Terörle Mücadele; her devletin otoritesine şiddet ve korku yoluyla meydan okuma çabasına karşın o devletin yürüttüğü güvenlik,ekonomik,sosyal ve diplomatik faaliyetlerdir -ki,terör örgütü ve destekleyicilerinin umutlarının yok edilmesi hedefleniyor ve siyasal alanı kapsıyor.
*
Türkiye’nin özgün şartları çerçevesinde terör örgütüyle mücadele ise güvenlik güçlerinin teröristleri çoğu kez çatışmayla araması,bulması,etkisiz hale getirmesi ve yargı önüne çıkarması sürecini oluşturuyor.
PKK terör örgütünün bölücü karakteri, tehditinin boyutu terör örgütü ile mücadelenin bizzat TSK tarafından yapılmasına gerek gösteriyor.
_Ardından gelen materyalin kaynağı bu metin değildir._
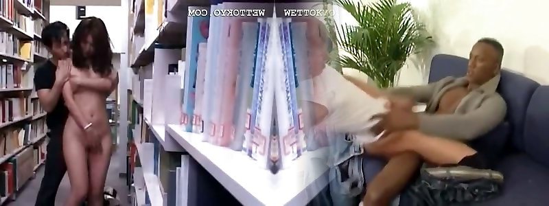 Asian bare charmer licked and poked rock-hard in library
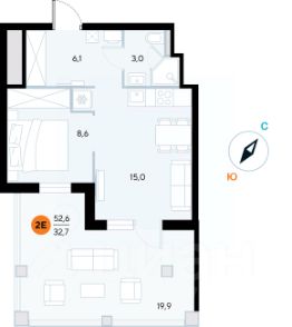 Общая площадь52,6 м²
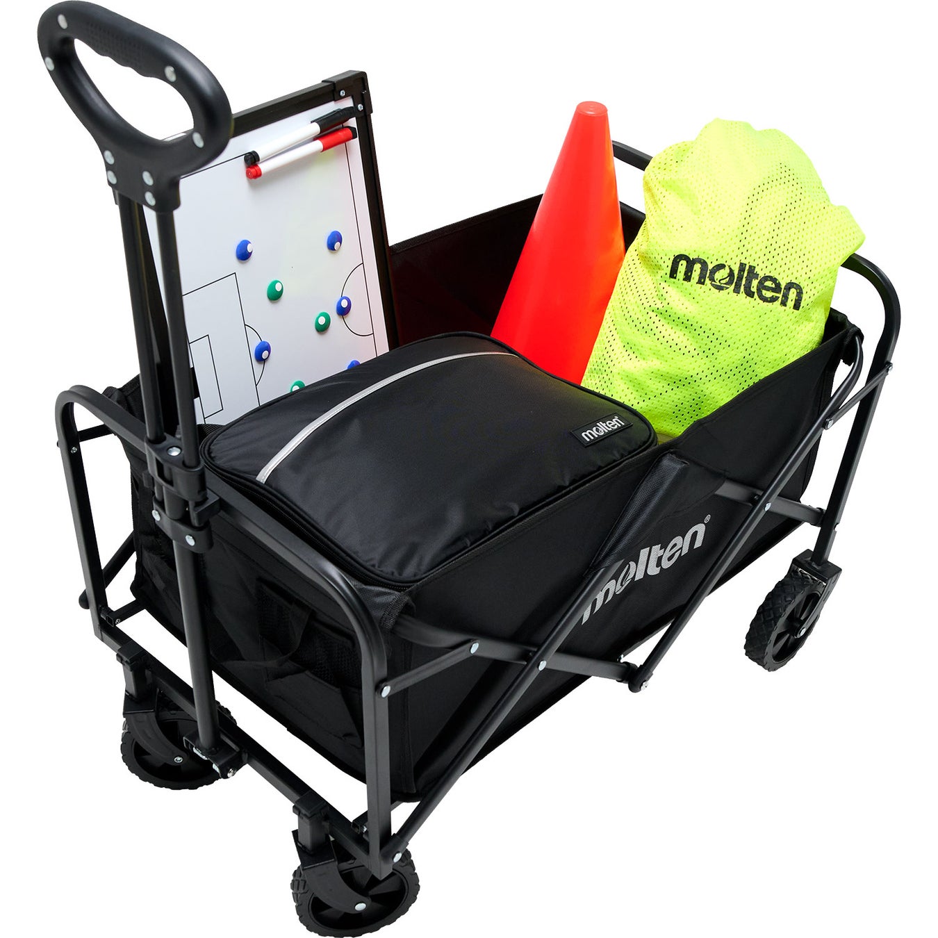 学校や部活動の現場では、作戦盤や練習用具、メディカルバッグ、クーラーボックスなど、多くの用具を限られた人数で運搬・管理する必要があります。モルテンの『アウトドアワゴン』は、静止時約80 kgの耐荷重設計により複数の用具をまとめて運べるほか、名入れに対応することで、学校名やチーム名を明示した管理・運用を可能にしました。日常的に使われるスポーツエキップメントとして、運搬のしやすさだけでなく、現場での扱いやすさにも配慮しています。
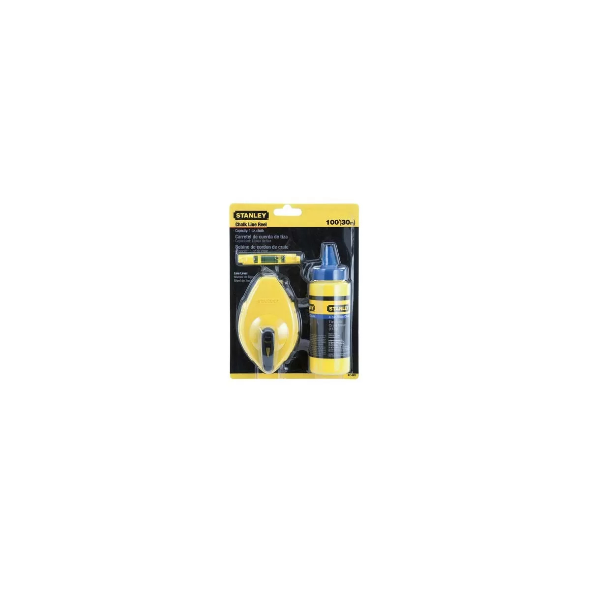 TRACCIATORE 30 METRI STANLEY COMPLETO DI FLACONE CON POLVERE BLU 113 GRAMMI + LIVELLA A FILO 0-47-443
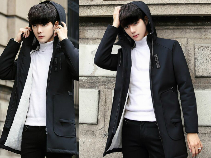 想显得身形挺拔高大的男生不妨选择这件中长款加绒棉夹克哦!内里加绒保暖一件当两件穿,时尚的连帽设计干净利落,侧边大口袋设计简单且实用,3D立体裁剪的H版型修身不显臃肿,经典百搭的黑色无论怎么穿都很好看。
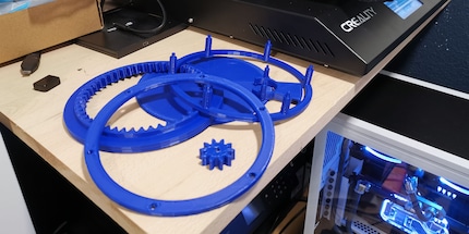 First, I print out the platform. It consists of six parts and includes a gear mechanism. Thanks to my 3D printer Creality CR-10S Pro, the parts are printed in just over eight hours.
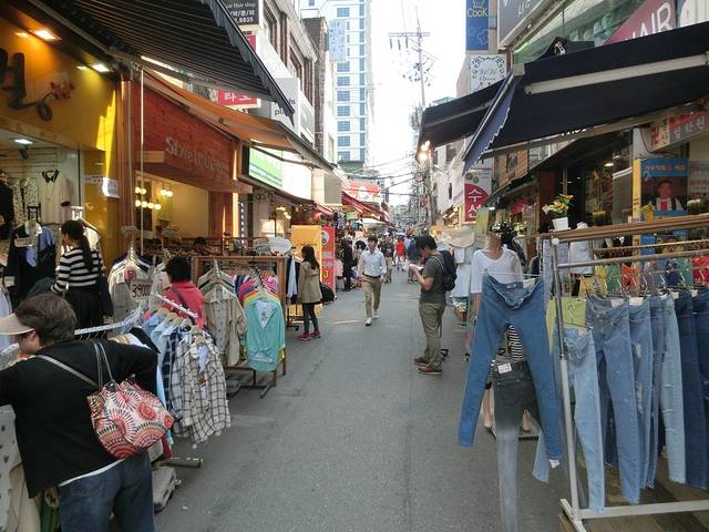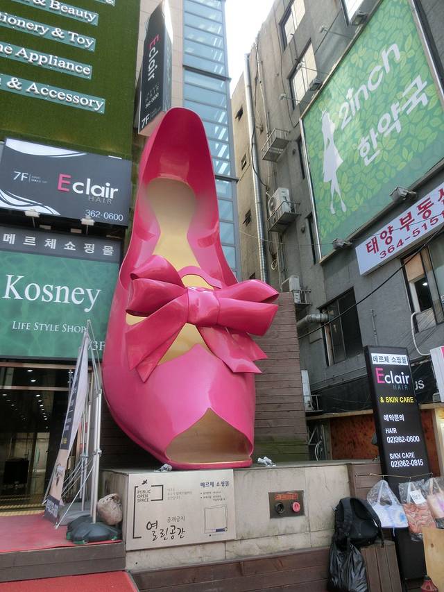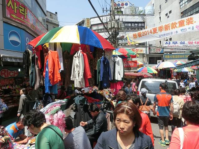 先是南大门市场和新世界百货。南大门市场就在崇礼门旁,几乎占据一整个街区,里面卖什么的都有,从衣服鞋帽、时尚饰品、日用百货到参茸补品,一应俱全,且各有各的范围,地域分明。到这里来购物的大多数是韩国的一般普通民众,市井气氛极为浓郁。不过这里的摊位面积都很小,进去后四周不是货物就是顾客,转个身都难。还有那些位于二楼的摊位,层高很低,有时候我和LP还得低着头才能通过,幸好通风系统还算不错,不然真的要闷死了。

TSK’nın terör örgütüyle mücadelesinde askeri güvenlik ihtiyaçları, hareket tarzlarıyla ilgili yetkili siyasi makamlarla oluşturulan icra birlikteliği; terörle mücadelenin siyasal alanını pekiştiriyor.
*
Çünkü TSK; tüm irade beyanlarında ebedi Başkomutanı Mustafa Kemal’in emanet ettiği ulus-devlet ve üniter-devlet yapısının korunmasında taraf olduğunu ve taraf olmaya da devam edeceğini bildiriyor-ki, bu TSK’ya asla ödün vermez bir siyaset üstülük veriyor.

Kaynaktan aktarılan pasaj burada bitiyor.